Most importantly, I didn’t allow myself to be ruled by my cunt the way men are ruled by their erections. My rules were fixed and certain. At least that’s what I thought.
I didn’t recognize myself, not the woman I’d been since meeting KC. But that didn’t seem to matter now. I went ahead—opened the door of the Mercedes and casually waltzed to the door of the theatre trying to forget the weird debacle of the previous night.
My excitement swelled and my cunt began to panic, clenching and tightening anticipating KC inside it again—even though I had no assurance that would happen—and probably more assurance that it would not given his frame of mind and past experience.

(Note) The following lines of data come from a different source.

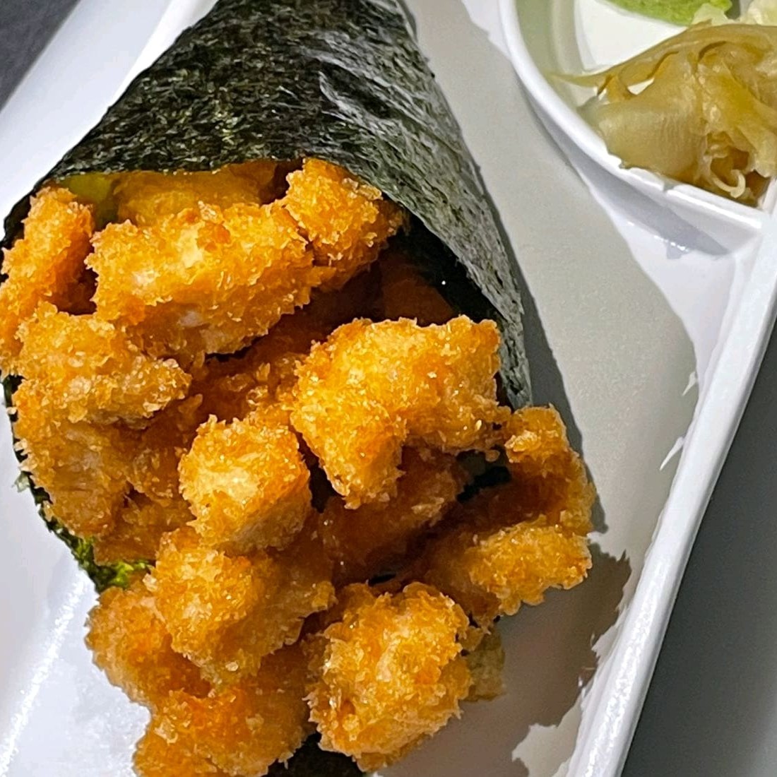 Um delicioso temaki de salmão empanado com tempero do chefe,uma delícia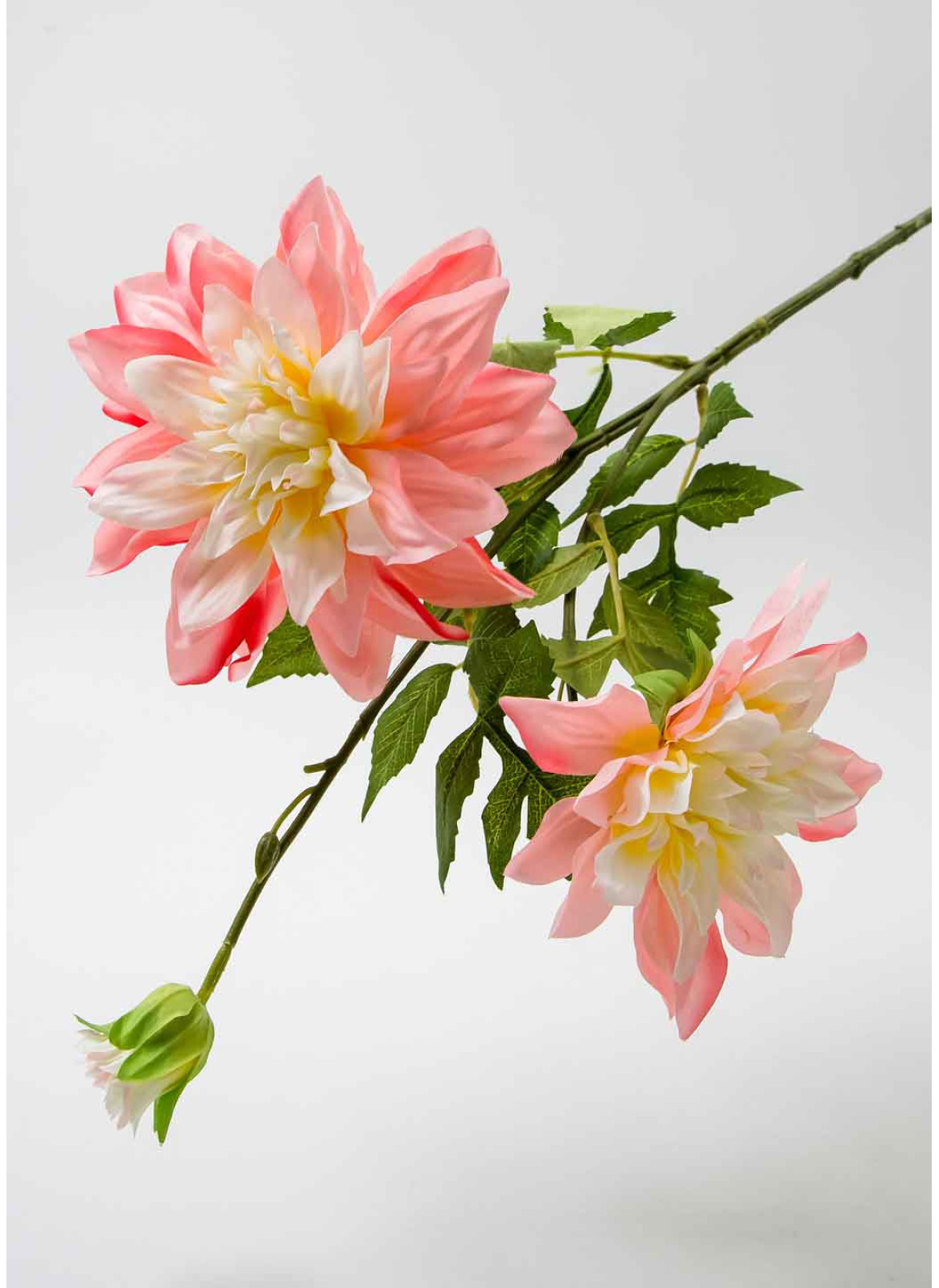 Гілка жоржини "Луїза", висота 68см, Має 2 квітки 15 та 12см, а також пупянок. багато зелених листків від 17до13см. Кожна квітка на окремій гілочці. В основі металічний дріт в якісному пластику з імітацією наторальної гілки.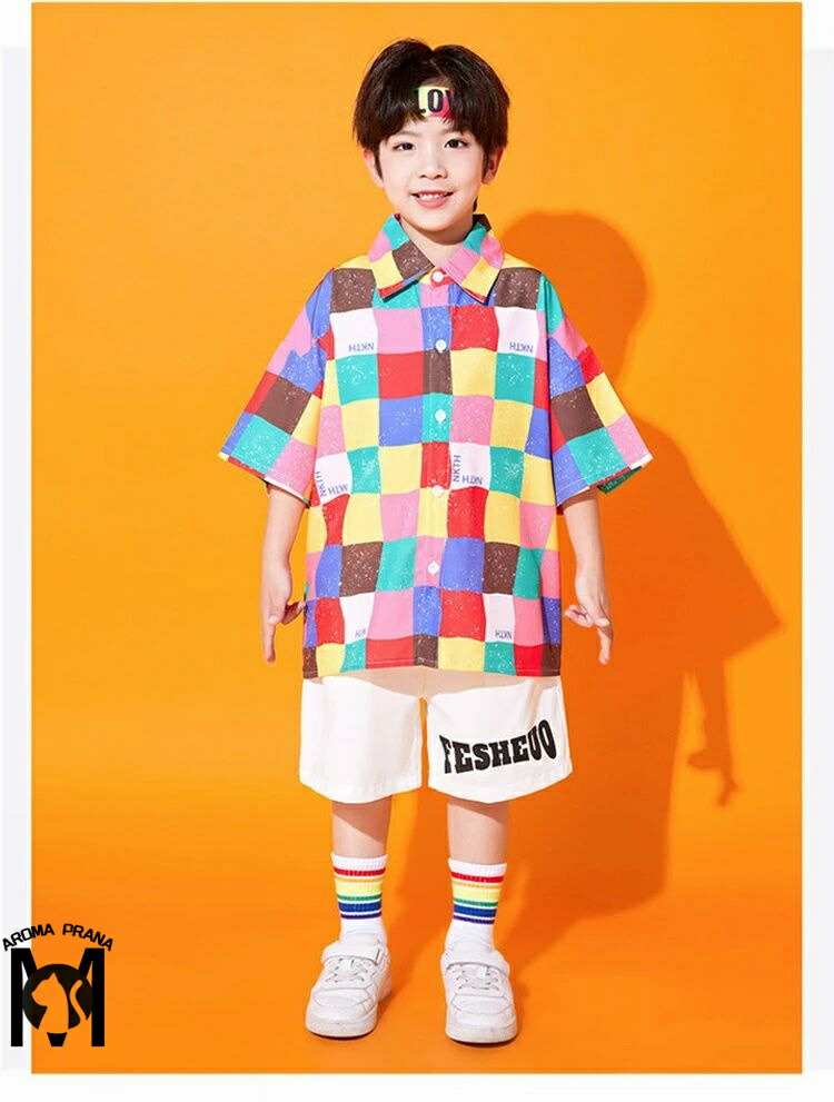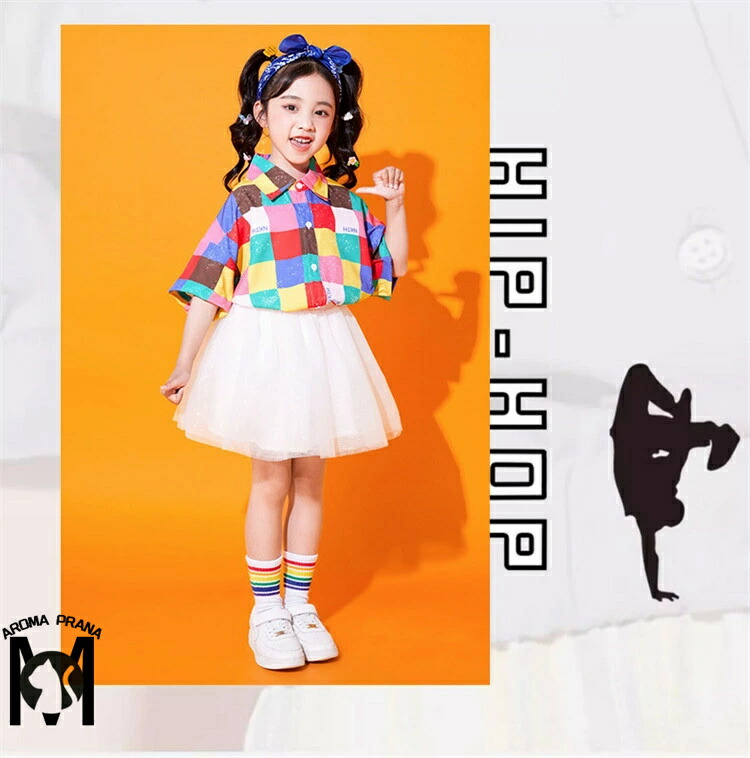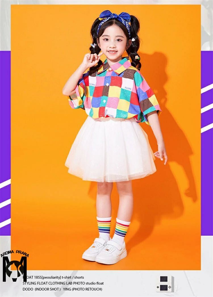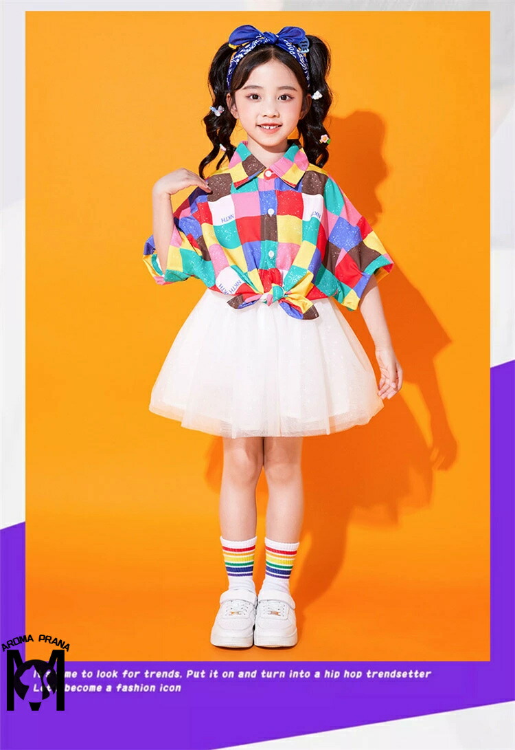 虹色 キッズダンス衣装 セットアップ チェック柄 チアガール パンツ スカート シャツ k-pop 衣装 半袖 カラフル ヒップホップ 男の子 女の子 韓国 カッコイイ 子供 演出服 ジ キッズダンス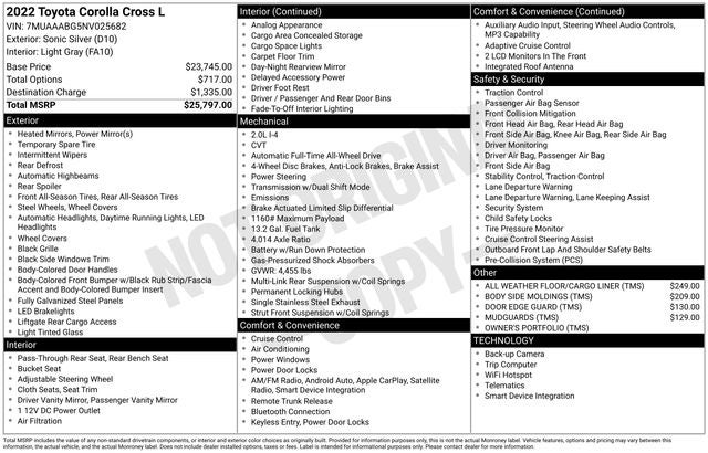 2022 Toyota Corolla Cross L Sonic Silver CarFax One Owner, Back Up Camera, Hands Free Calling, All Wheel Drive, Passed Rigorous Safety Inspection Performed by Certified Technician, Free Lifetime Car Washes, Free State Inspections, Corolla Cross L, 4D Sport Utility, 2.0L I4 PDI DOHC 16V LEV3-SULEV30 169hp, CVT, AWD, Sonic Silver, Light Gray w/Fabric Seat Trim. 29/32 City/Highway MPG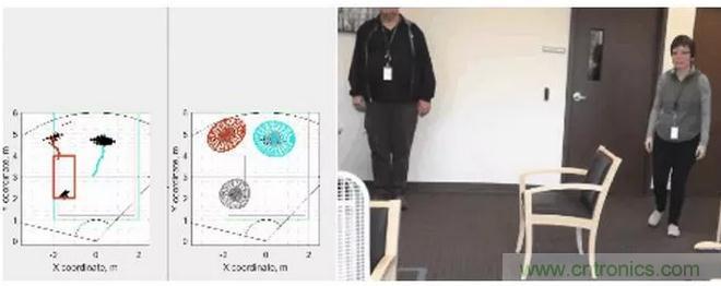 圖4:使用毫米波傳感器執(zhí)行分類的示例:中間圖上所有移動(dòng)目標(biāo)都分配了一個(gè)軌道,彩色區(qū)域表示人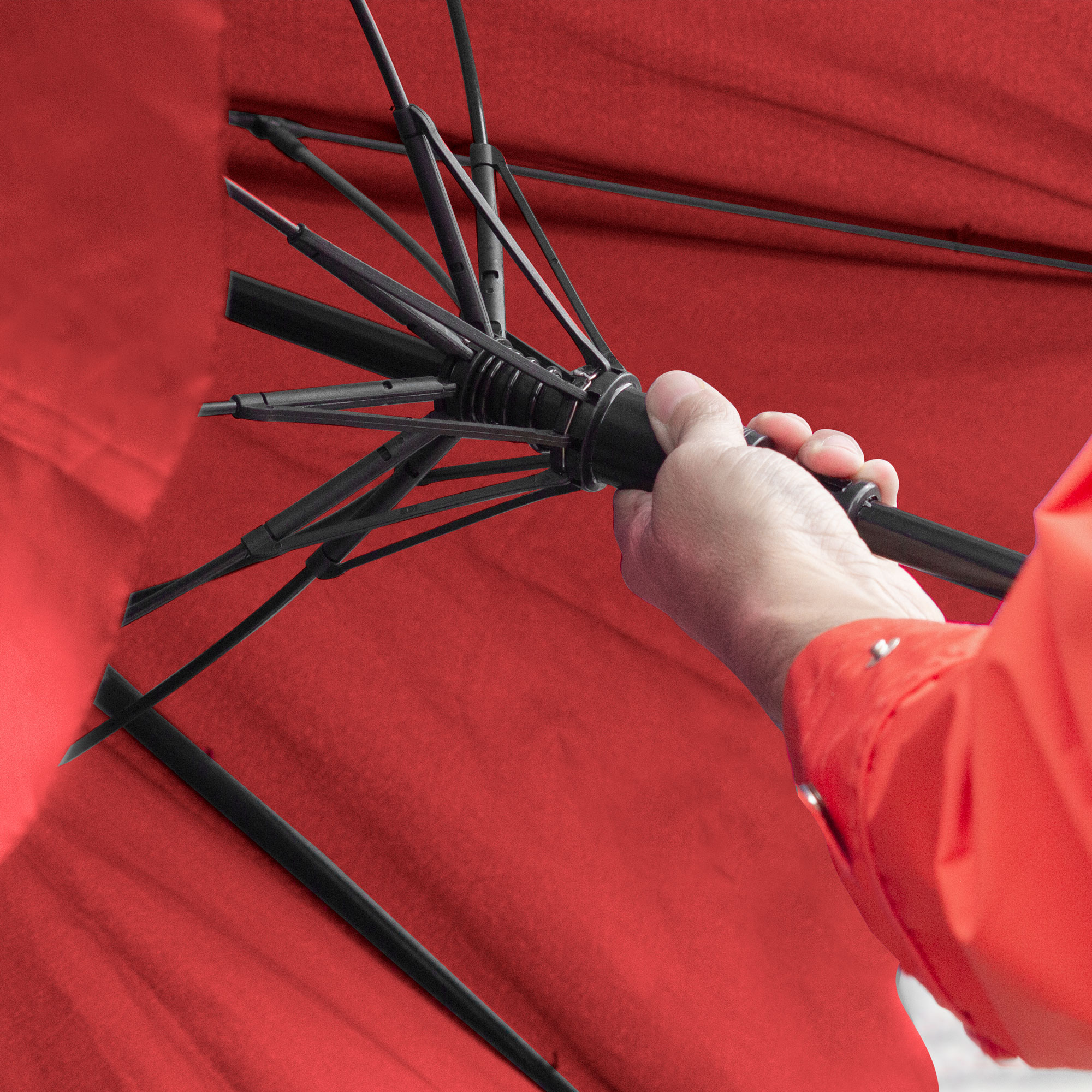 Ø 120 cm. 8 gajos. Ancho gajo 45 cm. Largo total 93 cm. Poliéster pongee, metal y EVA. Paraguas APERTURA AUTOMÁTICA Y CIERRE MANUAL. Eje metálico, varillas en fibra de vidrio , punta niquelada, mango en EVA. Botón a presión. Cierre con correa de velcro.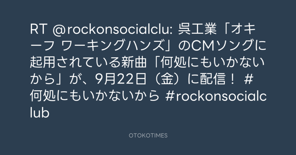 RT @rockonsocialclu: 呉工業「オキーフ ワーキングハンズ」のCMソングに起用され... -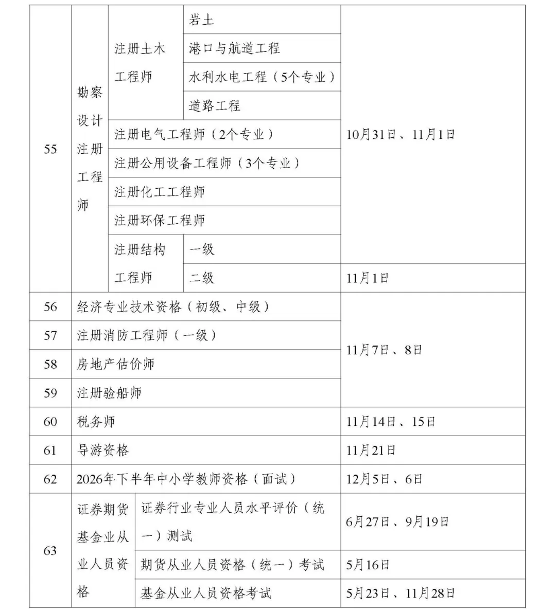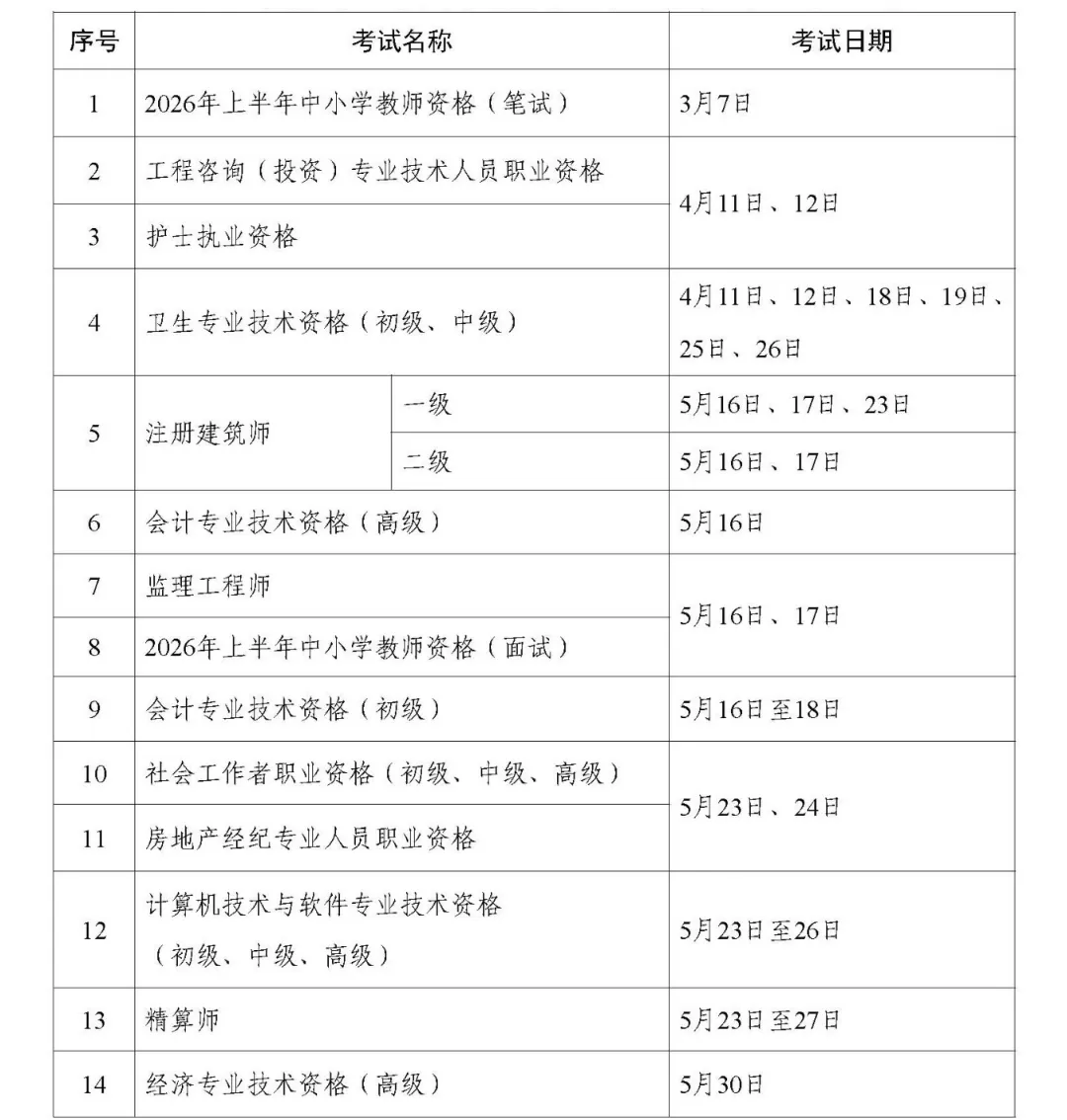 2026年度专业技术人员职业资格考试时间表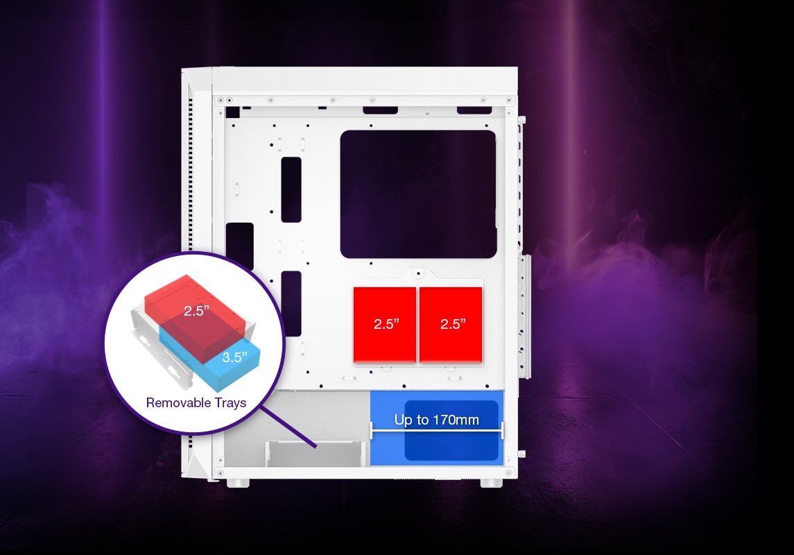 XPG VALOR AIR PLUS podporuje až 3x 2,5„ SSD nebo 2x 3,5“ HDD úložné komponenty a je vybaven odnímatelnou přihrádkou na HDD pro snadný upgrade. Navíc pojme špičkové napájecí zdroje o délce až 170 mm, jako je řada XPG CYBERCORE II.

Anxious and excited, I tried the door, surprised to find it locked. I panicked. Flustered, I was unsure what to do. A back door perhaps? He just failed to unlock the front? Seized by fear, I tried to figure out what to do, when in the middle of my fearful musings, I finally spotted a note slipped in the crack of the door. At first glance, I assumed it was just a scrap of paper, on second glance, as it conveniently flapped in the breeze, I realized that it bore my name clearly printed on the outside. With a gentle tug, I had it free.
“I’m sorry, Gail. This was an avoidable emergency. I tried calling, but you’d already left. Come tomorrow.” KC
What?!
Was this real? After all the passion of the night before, he was leaving me with this… this scrap of paper! The bottom dropped out of my newly manufactured world ten seconds later as I determined that KC, his theatre, and running back to my old fantasies had been a horrible mistake. I left. I knew right then I wouldn’t be coming back.